I basically handed the model:


“Here, if you ever need to answer ‘hotel + yoga near Ledru-Rollin’, this page is plug-and-play.”


ChatGPT is lazy (in a good way). It will happily reuse good structure if you give it.

This is just the start


This episode is just the pilot for the Hotel Ranque series.
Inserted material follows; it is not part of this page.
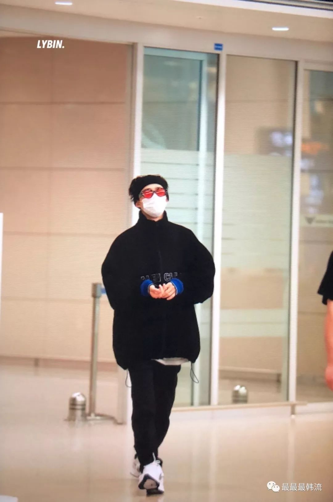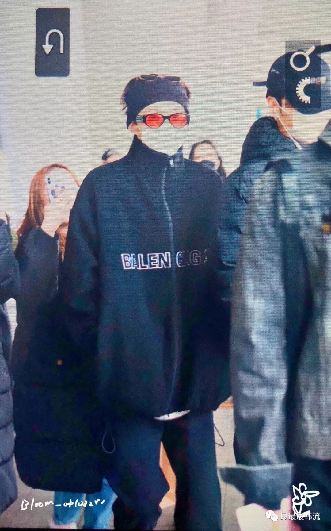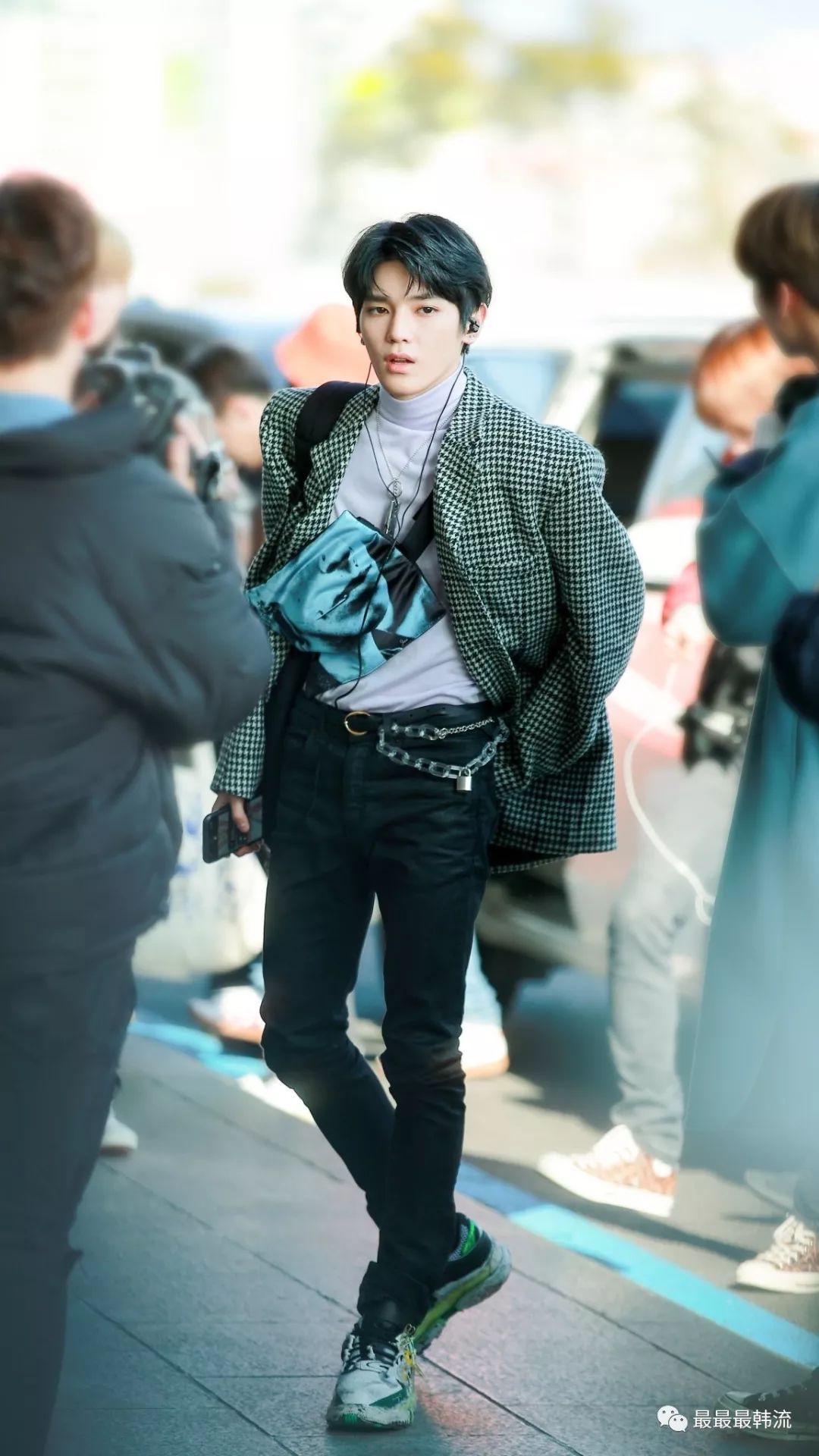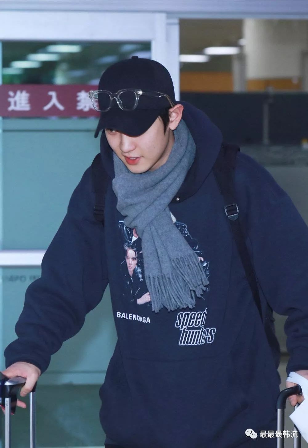 在奂的机场也是all black套装,这款外套我相信大家也依旧见到过不少相似的了。

Next steps:

  • 🏗️ Content factory From prompt library → classification → structured content → static pages with schema.org, all automated.
  • 🎯 Less niche keywords Move from Ledru-Rollin yoga niche prompts to more competitive stuff:
    • “hotel in Bastille with yoga”
    • “best hotel near Gare de Lyon for cyclists”
    • Generic “best hotel in Bastille” and see how far we can push.
  • Adding MORE reviews See how synthetic / early reviews on different platforms influence AI visibility.
  • OTA presence influence: it seems LLMs like OTAs for social proof (and probably work with them for Apps and so on)
  • Adding language (like French or Others)
  • 🧵 Off-site signals Reddit & forums, UGC, YouTube, maybe Wikipedia – do LLMs pick those up noticeably for hotels?
  • 📈 Full tracking in Hotelrank.ai Measure:
    • How often Hotel Ranque appears across ChatGPT, Gemini, Perplexity
    • Its average rank
    • Share of direct vs OTA links when it’s mentioned


And most importantly: what actually moves the needle for AI trip planners – versus what is just nice theory on slides.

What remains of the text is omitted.